BACKGROUND: Sleep quality has a significant impact on a child's health and is linked to oral and systemic diseases. It affects the circadian rhythm, which plays a crucial role in regulating the balance of the endocrine and hormonal systems. Current research has focused on exploring its role in the development of caries, which is influenced by inherent oral factors such as the composition of the oral microbiome and pH levels.

OBJECTIVES: This study aimed to investigate the relationship between bacterial population, pH, and buffering properties of saliva and sleep patterns in 8- to 12-year-old children.

MATERIAL AND METHODS: This cross-sectional study was conducted on 85 elementary school children aged 8-12 years. After obtaining written consent, non-stimulating saliva samples were collected using the spitting method. The participants' sleep pattern information was obtained with the use of the Persian version of the Children's Sleep Habits Questionnaire (CSHQ). Based on the results of the CSHQ, the participants were divided into 2 groups: those with appropriate sleep patterns; and those with inappropriate sleep patterns. The study compared the bacterial population of Streptococcus mutans, Lactobacillus spp. and Candida albicans, as well as the buffering capacity and pH of the saliva between the 2 groups. The statistical analysis employed the χ2 test, the independent samples t-test and Spearman's correlation.

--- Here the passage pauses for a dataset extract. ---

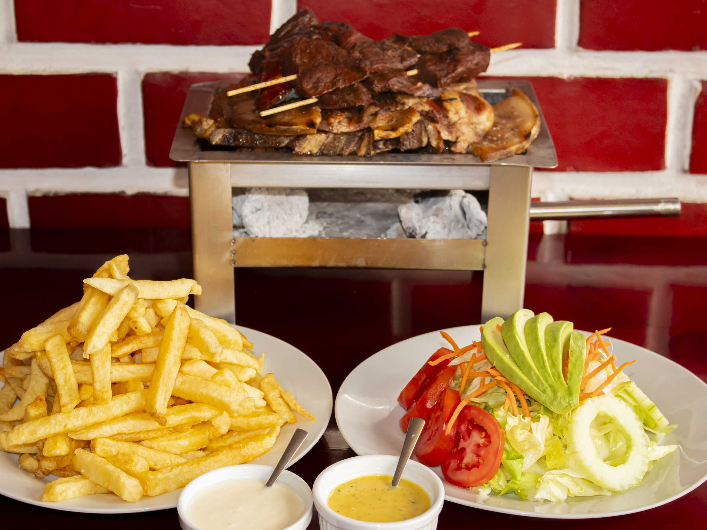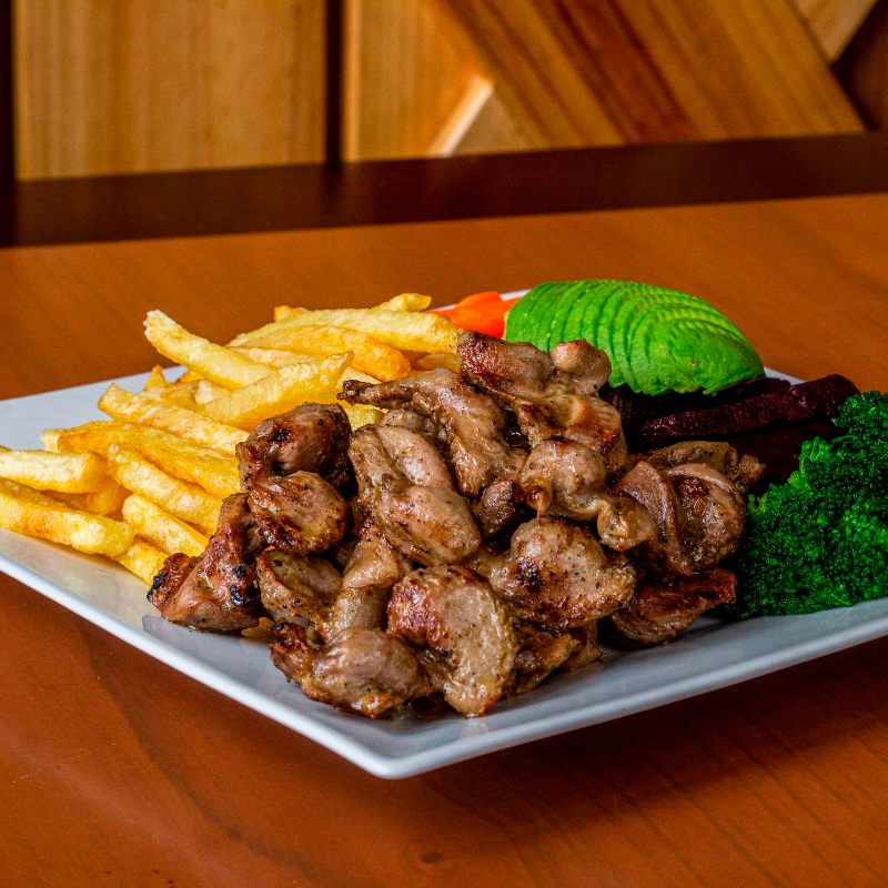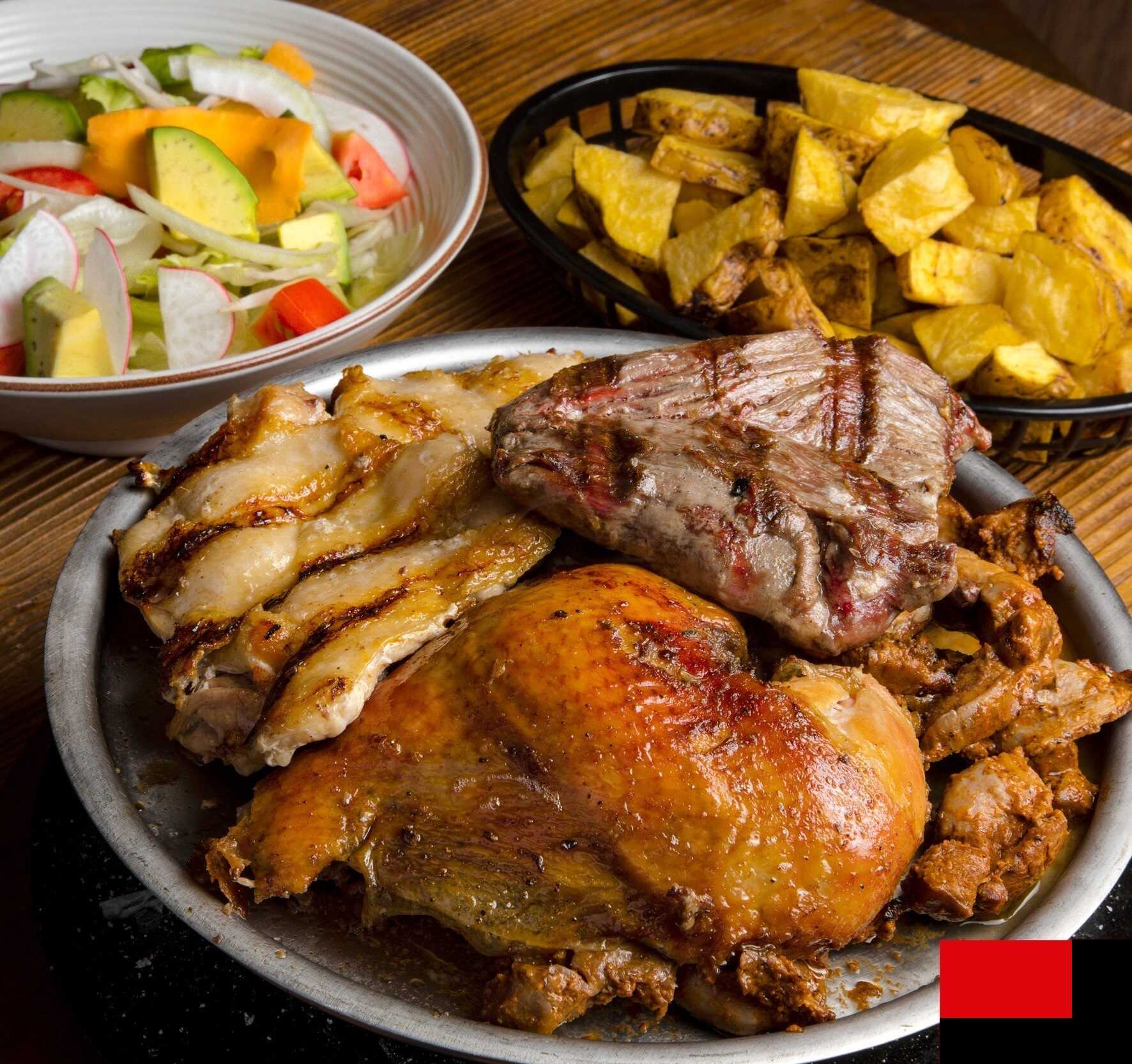 1 Lomo fino, 1 churrasco grande, 1 chuleta grande, 2 palitos de anticuchos, mollejitas, 1/4 de pollo a la leña, 1 chorizo, 1 pechuga, papas fritas y ensalada clásica.
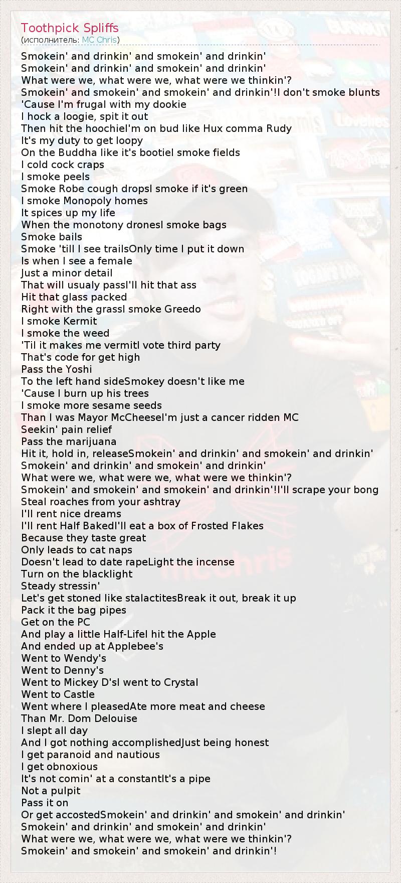 А как ты думаешь, о чем песня "Toothpick Spliffs" ?

RESULTS: The group with inappropriate sleep patterns had significantly lower pH and buffering capacity (p < 0.001) and significantly higher colony counts of Lactobacillus and S. mutans (p < 0.001 and p = 0.012, respectively). There was no association between C. albicans and sleep patterns (p = 0.121).

CONCLUSIONS: Inappropriate sleep patterns increase the population of caries-causing bacteria and reduce salivary pH and buffering capacity. This can be a significant factor in the development of dental caries in children aged 8-12 years.